Now to use OpenMP you have to specify the proper gcc compiler (e.g., gcc, or gcc-7, or gcc-8), which supports OpenMP. In the makefile inside the Tool directory, please change the CC value (name of the compiler) to the specific name of the compiler (e.g., gcc, or gcc-7, or gcc-8).
Reference: Installing OpenMP on Mac OS X 10.11

Linux, Windows

The gcc compilers in Linux come with built-in support for OpenMP. So, you do not need to do anything there.
For Windows you may need to install a suitable version of gcc to use OpenMP. You can look at the following reference. Getting started with openMP. install on windows
To use OpenMP in Visual Studio look here OpenMP in Visual C++

Datasets

The Data directory contains the datasets used to evaluate our tool. All the data files consist of three sequences. The first two are the sequences to compare between, and the third sequence denotes the unique characters of a sequence (e.g., ATCG in this case). The first three lines of every data file consist of the lengths of these three sequences followed by the sequence strings themselves in the next three lines.
Two different datasets were used for this purpose.

  1. The first one is a simulated data (inside the simulated directory) downloaded from Here (the GC content was changed for each sequence downloaded) . The dataset descriptions are given below.
File names / Lengths Length of 1st Sequence (bp) Length of 2nd Sequence (bp)
1.txt 128 127
2.txt 256 255
3.txt 512 511
4.txt 1024 1023
5.txt 2048 2047
6.txt 4096 4095
7.txt 8192 8191
8.txt 16384 16383
9.txt 32768 32767
10.txt 65536 65535
11.txt 131072 131071
  1. The second dataset (inside real_data directory) consists of real DNA sequences of viruses and eukaryotes (source: NCBI). The first 8 files consist of virus genomes whereas, the last 2 files consist of genomes of entire chromosomes of two eukaryotes.
File names / Sequences Sequence 1 Sequence 2
1.txt Potato spindle tuber viroid (360 bp) Tomato apical stunt viroid (359 bp)
2.txt Rottboellia yellow mottle virus (4194 bp) Carrot mottle virus (4193 bp)
3.txt Rehmannia mosaic virus (6395 bp) Tobacco mosaic virus (6395 bp)
4.txt Potato virus A (9588 bp) Soybean mosaic virus N (9585 bp)
5.txt Chicken megrivirus (9566 bp) Chicken picornavirus 4 (9564 bp)
6.txt Microbacterium phage VitulaEligans (17534 bp) Rhizoctonia cerealis alphaendornavirus 1 (17486 bp)
7.txt Lucheng Rn rat coronavirus (28763 bp) Helicobacter phage Pt1918U (28760 bp)
8.txt Lactococcus phage ASCC368 (32276 bp) Uncultured Mediterranean phage uvMED (32133 bp)
9.txt Athene Cunicularia (Chromosome- 25, 1505370 bp) Bombus Terrestris (Chromosome- LG B18, 3078061 bp)
10.txt Athene Cunicularia (Chromosome- 25, 1505370 bp) Bombus Terrestris (Chromosome- LG B01, 16199981 bp)

How to Run?

At first, clone or download this repository. Then go to the Tool directory and run make command from Terminal/Command Prompt. This will create an executable file named find_lcs.

Prepare the Input

At first get the sequence files (e.g., FASTA) to compare from a convenient source (e.g., NCBI, Simulated Data from UCR etc.). Make sure the files consist of only nucleotide bases (A, T, C, or G). Therefore, you may need to remove the description lines (lines started with a >), and any other characters (newline character, whitespaces etc.) from the file.
After collecting the sequence files and removing unnecessary characters from it, create the input text file in the following manner.
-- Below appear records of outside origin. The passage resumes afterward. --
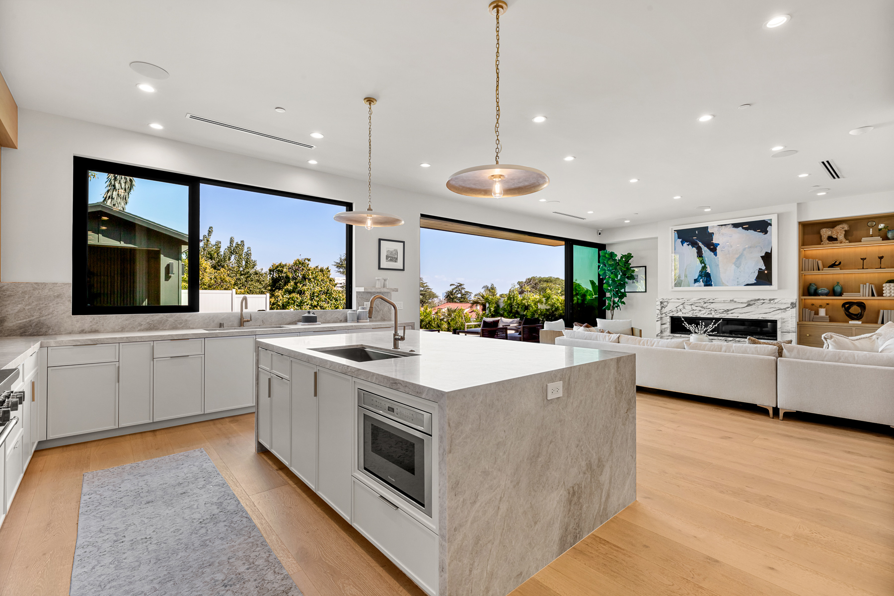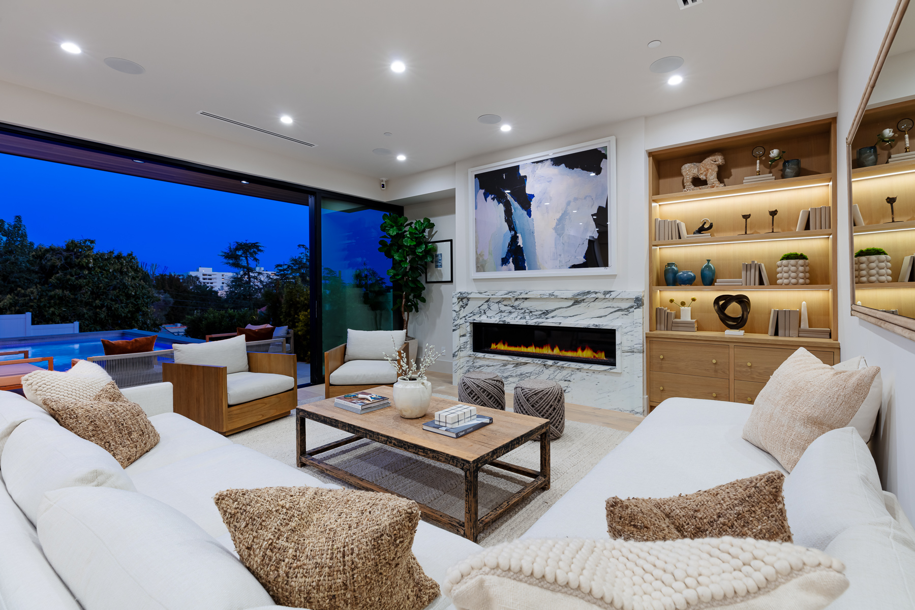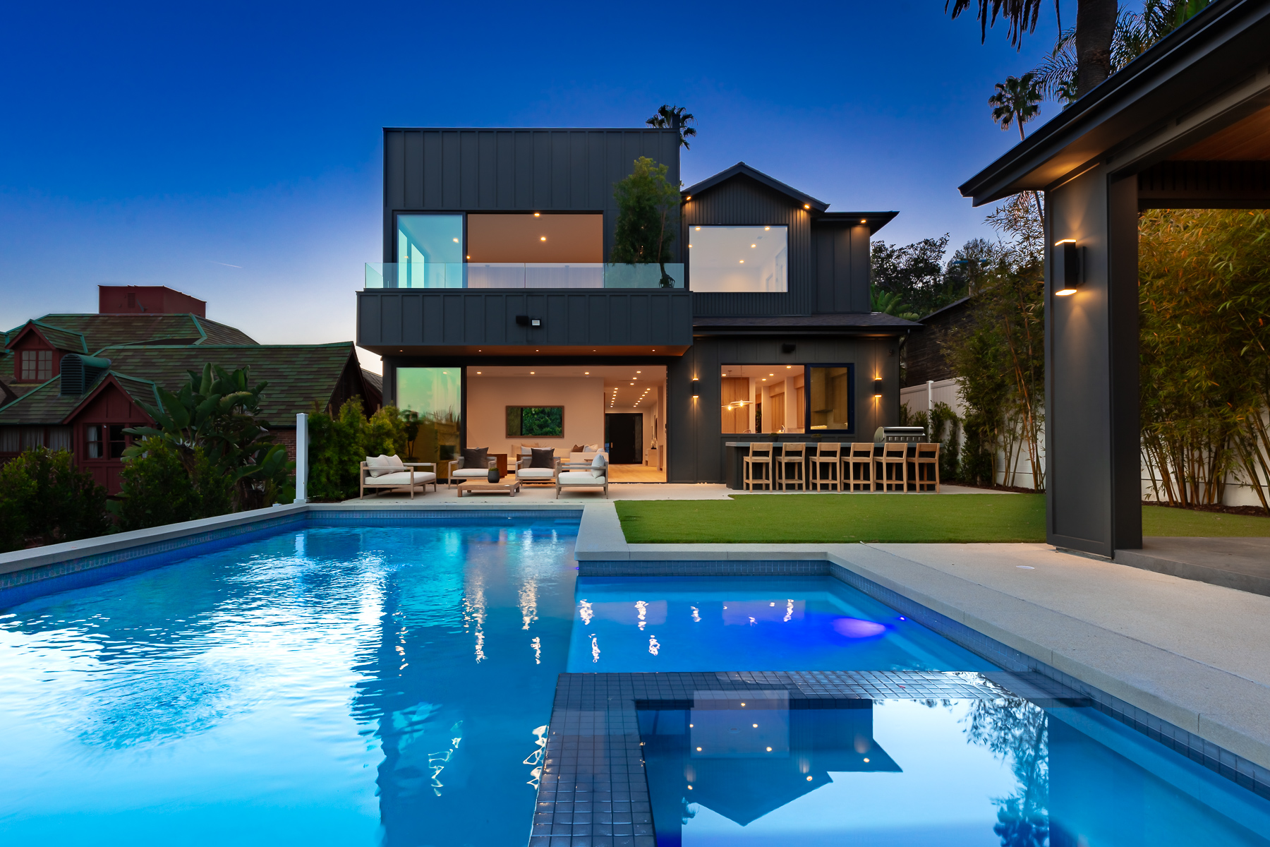 Hollywood Hills New Modern Luxury Estate with captivating Architecture is an undisputed Masterpiece with unparalleled Elegance and Sophistication. Spanning over 5,033 Square feet of indoor-outdoor living space and set on a huge 7,900 sq foot flat lot, with views of Downtown to Catalina Island, this is a rare find, truly one of a kind! Entryway opens to the grand foyer showcasing an incredible amount of natural light! Beyond the entry, the great room seamlessly flows into the striking gourmet kitchen, truly built for those who love to cook, with its Taj Mahal quartzite countertops, large center island, and lots of counter space which blends in beautifully with the naturally colored wood accents throughout the house. Top of the line Thermador appliances, butler pantry with a wall of glass sliding doors that open to the private backyard retreat with pool with spa and baja shelf, Plus cabana with a full bathroom, built-in BBQ with bar, perfect for large Hollywood Style Parties. The luxurious main suite is complete with a private balcony with stunning views of the Hollywood Hills, city lights. The awe-inspiring bathroom has double vanities, soaking tub, oversized shower, soaking tub, and a huge walk-in closet. This beautiful home has amenities throughout including an additional 3 ensuite bedrooms with built-in closets, a large theater room, bar, and state of the art sound systems throughout. Hosting an unmatched outdoor setting perfect for both entertaining and intimate settings, the backyard features an oversized pool with a spa, built in barbeque, a spacious grassy area, and covered cabana perfect for dining or lounging. The rooftop deck with amazing views as well as a firepit for complete entertainment, with the stars! Oversized 2 car garage plus room for 2 more cars in the driveway is hedged, private, and gated. This undisputed masterpiece with unparalleled luxury & modern finishes will not last. Set on quite a dead-end street near the largest off leash dog park in America; Runyon Canyon, this home in perfect location, near Sunset Strip, Hollywood, and the hottest trendy restaurants in West Hollywood nightlife, this home is perfect for the entertainer in you!
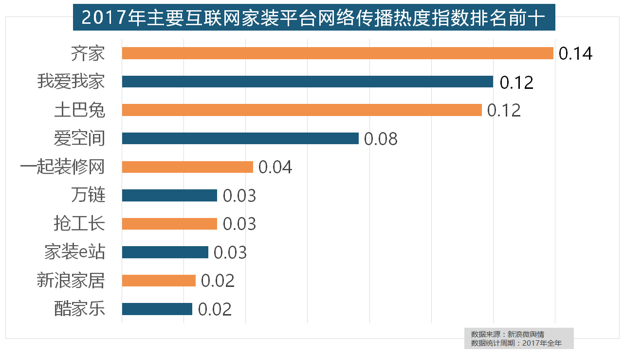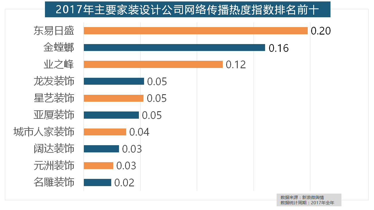 正在次要家拆产物类别热度方面,一批具有必然规模的家拆设想公司也纷纷出现。2017年,我们遴选了跨越500个品牌进行数据统计取阐发,恒洁卫浴、乐家卫浴、美标卫浴、安华卫浴、法恩莎卫浴位列六至十位。“拆修”的收集热度指数为29.89,2017年,东易日盛正在过去的一年中收集热度指数最高,随后为卫浴类和地板类产物。据新浪微舆情大数据阐发显示,柔然壁纸、玛堡壁纸、布鲁斯特墙纸全年热度相当,虽然近年来浩繁互联网家拆平台纷纷兴起,排名第六!
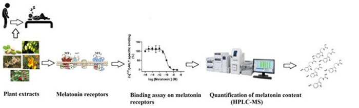 Đầu tiên, 25 chiết xuất thực vật đánh giá trong xét nghiệm liên kết cạnh tranh. 10 chiết xuất tiếp theo được chọn để đánh giá thêm trong 3 xét nghiệm chức năng ức chế sản xuất cAMP; kích hoạt ERK1/2; liên kết huy động β-arrestin2 trong các tế bào chuyển gen giả và các tế bào biểu hiện MT1 hoặc MT2. Các xét nghiệm được thực hiện để đánh giá hiệu quả tác dụng bổ sung melatonin từ bên ngoài.
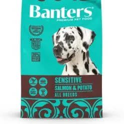 Banters Adult Sensitive è un alimento completo ed equilibrato per cani adulti di qualsiasi razza; E soprattutto per quelli con stomaco sensibile o con propensione a soffrire disturbi digestivi. L’alta digeribilità degli ingredienti consente il massimo assorbimento dei nutrienti, facilitando la digestione. Ricco di acidi grassi, zinco e vitamina A, che aiutano a mantenere la pelle e i capelli sani e luminosi. Salmone fresco (20%). Riso. Mais. Proteina salmone disidratata. Patata (14%). Olio di pollo. Salmone idrolizzato. Polpa di barbabietola. Lieviti. Sostanze minerali Cicoria (FOS 0.05%). Mananooligosaccaridi (Mos 0,05%). Yucca Schidigera.
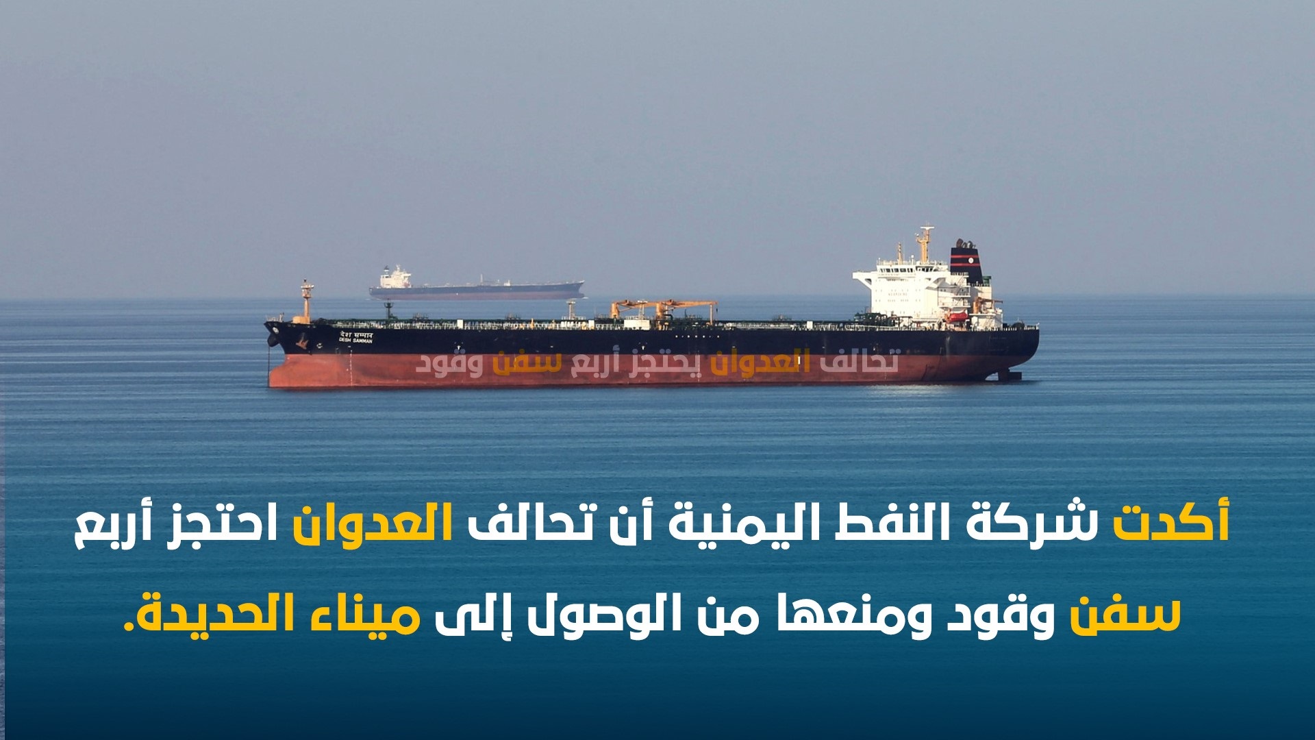 أكدت شركة النفط اليمنية أن تحالف العدوان احتجز أربع سفن وقود ومنعها من الوصول إلى ميناء الحديدة.
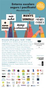 El passat divendres 29 de gener l’escola Ferran Sunyer va fer el primer tall del carrer Viladomat per reclamar menys contaminació, menys soroll i un entorn més pacífic.
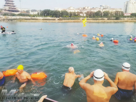 1月1日,我市300名冬泳健兒橫渡涪江,喜迎新年到來。冬泳健兒中,年齡最大的83歲,最小的9歲,健兒們在涪江中暢游的身姿為冬日綿陽添上了一道亮麗的風(fēng)景。 (李哲熙 攝影報道)
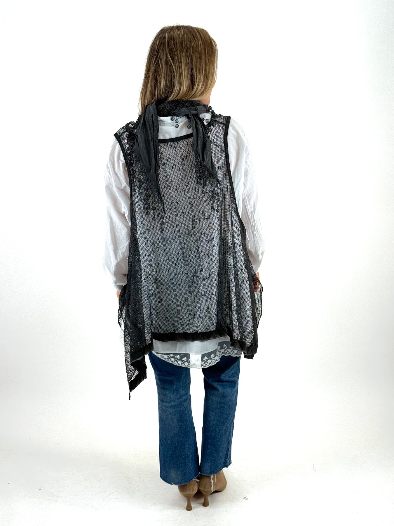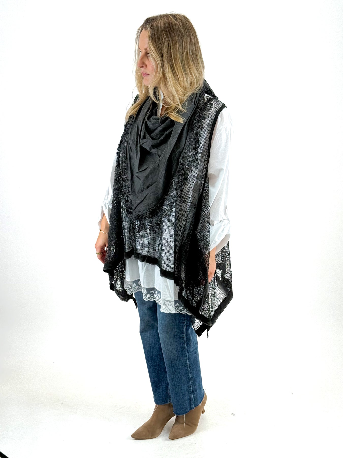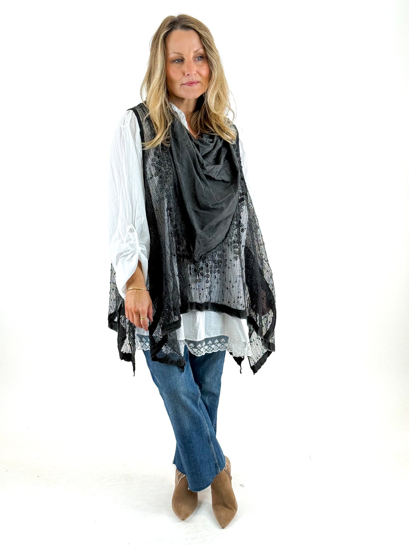 - Made in Italy Lagenlook Scarf Popcorn Shirt Top in Black Coal. 7990
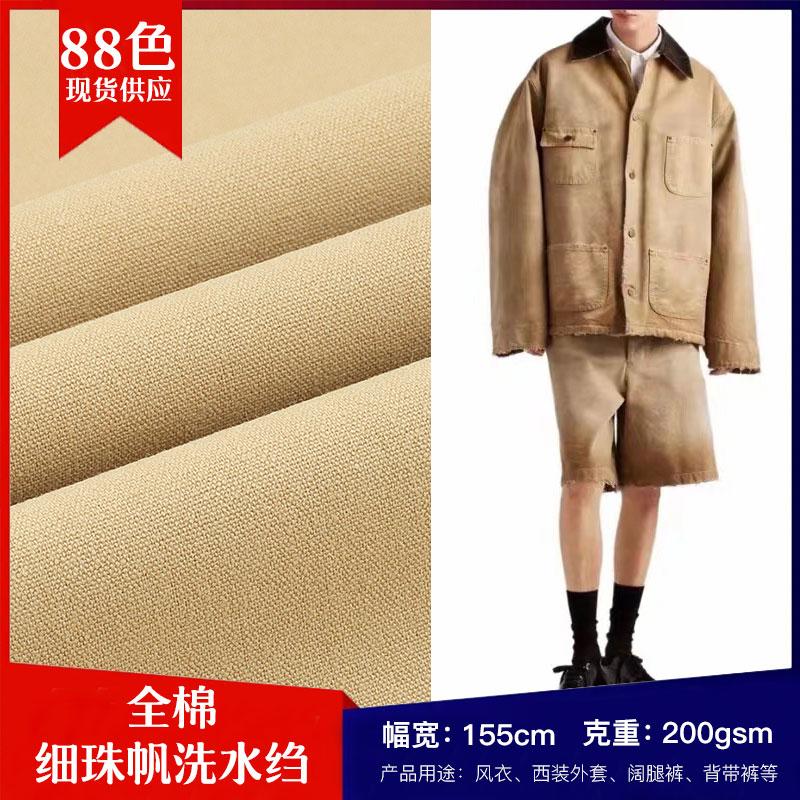 產(chǎn)品名稱(chēng) D301細(xì)珠帆水洗縐砂洗全棉加厚加密復(fù)古褲服鞋帽裝飾布面料現(xiàn)貨
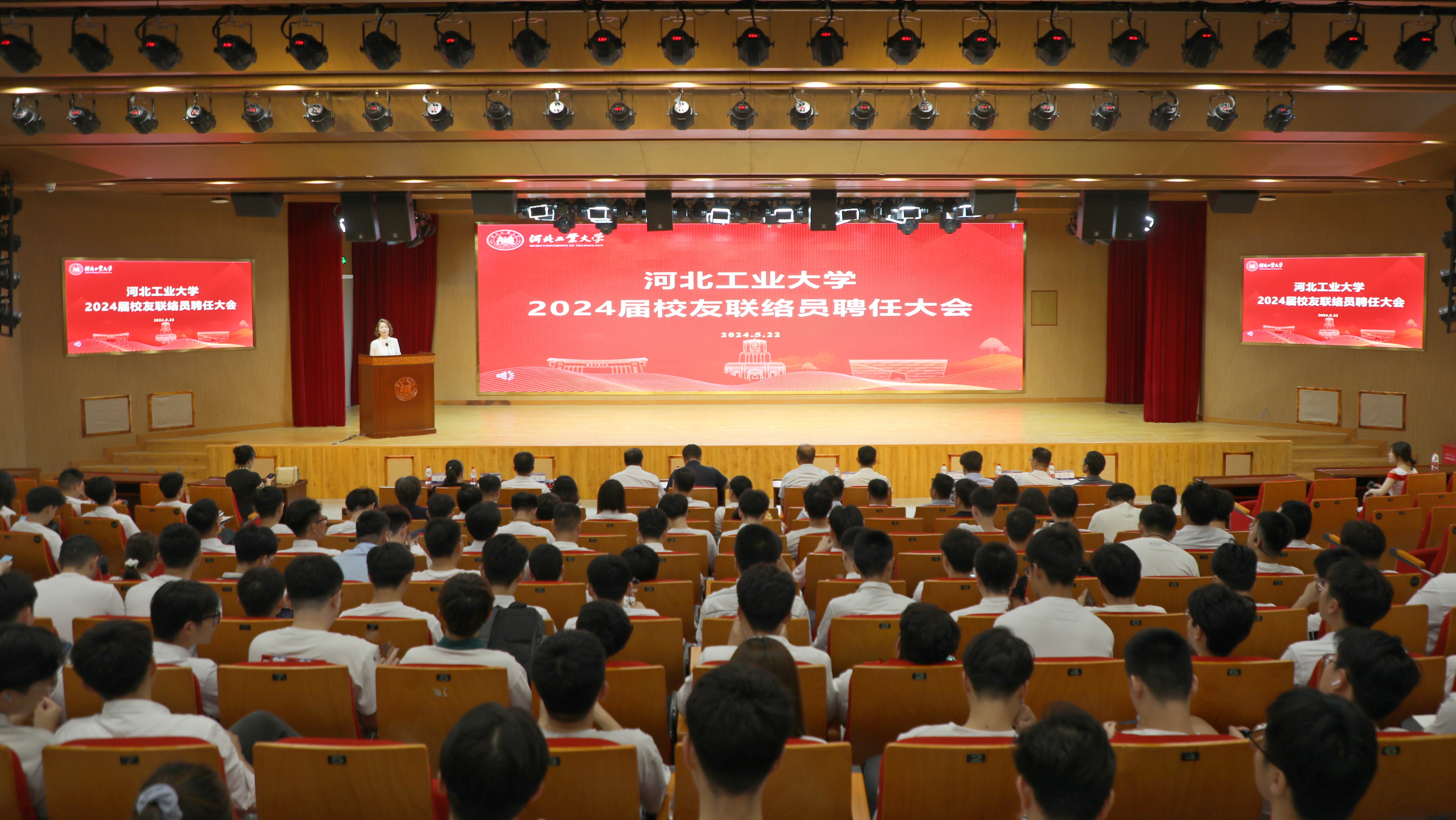 5月22日上午,正值初夏,在悠扬的校歌中,beat365唯一官网2024届校友联络员聘任仪式在图书馆报告厅隆重举行。beat365唯一官网校友会常务副会长戎贤,天津校友会副会长、天津宁河农业发展集团有限公司董事长徐志伟,2017届校友联络员代表、火星先驱(天津)科技有限公司总经理李伟强,2016届校友联络员代表、廊坊市安次区市场监督管理局张璐出席本次大会。

  1. Put the sequence lengths (as integer value) of the two sequences in two lines.
  2. Then put the sequence length of unique characters (4) in the third line.
  3. After that, put the sequence strings in three consecutive lines. The first two lines are for the sequences to compare, and the third lines will be for the unique characters (in this case ATCG).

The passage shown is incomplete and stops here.